As the themes of place, ethnicity and visibility run as red threads through most of the texts, their thematic division in the anthology might seem somewhat arbitrary, and at times even counterintuitive or somewhat problematic. For example, in my view, articles by David Coad, Chantal Zabus and Eveline Kilian would have fitted better under a theme of ‘space’ rather than under ‘visibility’, together with two more articles. Coad’s analysis of the documentary Becoming Julia is about a transwoman’s return to the small town where she had grown up after transitioning in Sydney. Chantal Zabus’ ‘Trans Africa’ analyses the memoirs of a South African lesbian sangoma (healer) and Zulu understandings of persons labelled as transgendered in European contexts as being possessed by ancestors of the opposite sex. And Eveline Kilian’s ‘Claiming space: transgender visibility in the arts’ explores expressions of transgender formations and identities in various material, as well as linguistic spaces within literature, film, photography and performance.

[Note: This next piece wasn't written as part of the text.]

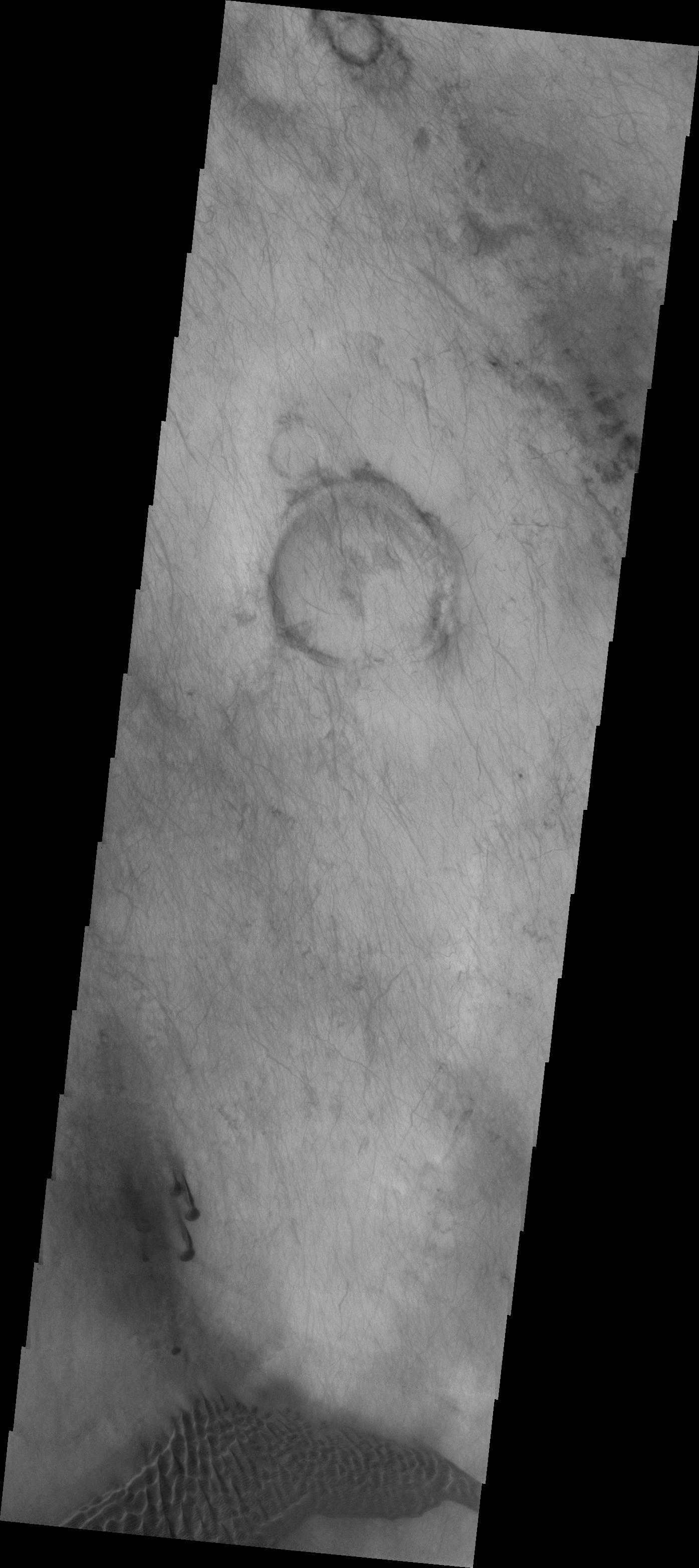 The dunes and dust devil tracks in this VIS image are located on the plains of Planum Chronium.

Thus, they all deal with specific geographical/local spaces (although some are depicted in fiction), as well as more metaphorical and emotional notions of creating and claiming spaces for transpeople, and it could have been interesting to highlight this through a theme.

Furthermore, Ludwig Trovato’s text ‘My sex is in my head’ is oddly grouped under ‘place’ though it does not deal with that, and the text seems not to fit any of the themes, with its at once highly poetic and concrete autobiographical narrative about Trovato’s experiences since childhood of his discovery and exploration of his bodily sexual impulses and reactions. This text explores how Trovato’s bodily sensations are always entangled with a process of articulating his sense of self and sexual identity. He defines this identity as transsexuality, thereby creatively reappropriating the term from medical discourse and conventional definition to describe a desire for playful, humourous and risky sexual experiences that oscillate between maleness and femaleness, masculinity and femininity, and at the same time are never unambiguously one or the other.

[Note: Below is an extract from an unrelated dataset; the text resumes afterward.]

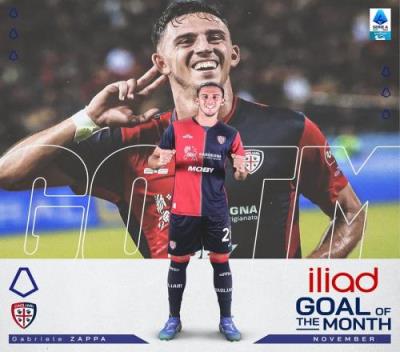 官方:卡利亚里球员扎帕对米兰的凌空斩当选意甲11月最佳进球

Finally, in my view it is unfortunate to place only two articles under ‘ethnicity’, namely, Vernon Rosario’s about the changing identifications and practices of gender-variant Latino adolescents visiting a clinic for LGBT persons in Los Angeles, and Susan Stryker’s analysis of how the whiteness of Christine Jorgensen’s performance as herself in the Filippino comedy Kaming Mga Talyada from 1962 about the adventures of seven feminine brothers serves as the basis for postcolonial resistance. The placement of these articles has the effect of accentuating non-white contexts as ‘ethnic’, while, for example, Coad’s article could also be considered an analysis of the construction of Australian whiteness. Had the articles in the book not been divided under separate themes, such effects would have been avoided, and perhaps the complexity of their topics would have been better highlighted.

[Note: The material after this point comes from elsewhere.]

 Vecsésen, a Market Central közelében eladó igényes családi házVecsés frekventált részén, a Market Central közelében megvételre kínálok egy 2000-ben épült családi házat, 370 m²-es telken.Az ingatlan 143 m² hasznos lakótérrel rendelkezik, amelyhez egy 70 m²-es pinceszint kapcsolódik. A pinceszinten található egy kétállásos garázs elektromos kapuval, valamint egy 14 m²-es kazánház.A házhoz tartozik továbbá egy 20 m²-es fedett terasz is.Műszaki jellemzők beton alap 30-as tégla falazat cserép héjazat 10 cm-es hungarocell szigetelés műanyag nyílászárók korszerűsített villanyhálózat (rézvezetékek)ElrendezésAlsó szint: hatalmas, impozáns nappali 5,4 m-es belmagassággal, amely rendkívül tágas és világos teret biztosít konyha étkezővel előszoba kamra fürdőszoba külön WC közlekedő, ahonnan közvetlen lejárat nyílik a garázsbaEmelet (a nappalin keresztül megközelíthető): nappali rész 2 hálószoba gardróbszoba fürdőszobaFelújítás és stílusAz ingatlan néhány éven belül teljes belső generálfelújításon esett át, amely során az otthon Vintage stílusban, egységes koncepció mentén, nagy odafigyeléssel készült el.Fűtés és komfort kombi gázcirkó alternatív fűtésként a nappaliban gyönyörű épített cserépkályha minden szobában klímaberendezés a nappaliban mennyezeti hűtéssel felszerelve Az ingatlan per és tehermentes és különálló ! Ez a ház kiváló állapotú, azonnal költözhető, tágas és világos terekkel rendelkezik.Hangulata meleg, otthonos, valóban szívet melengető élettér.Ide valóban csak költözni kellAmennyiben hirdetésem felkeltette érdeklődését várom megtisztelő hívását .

Overall, this slender book is incredibly rich in content, and shows that there is great potential for producing many more studies and developing theories in relation to the vibrant topic it addresses. It is promising and exciting that the articles in the collection all open up new questions and perspectives that have not been discussed and analysed in depth before, but simultaneously frustrating that they are only briefly sketched out. It leaves this reader hungry for much more, and eager to throw herself into conducting research in the same vein.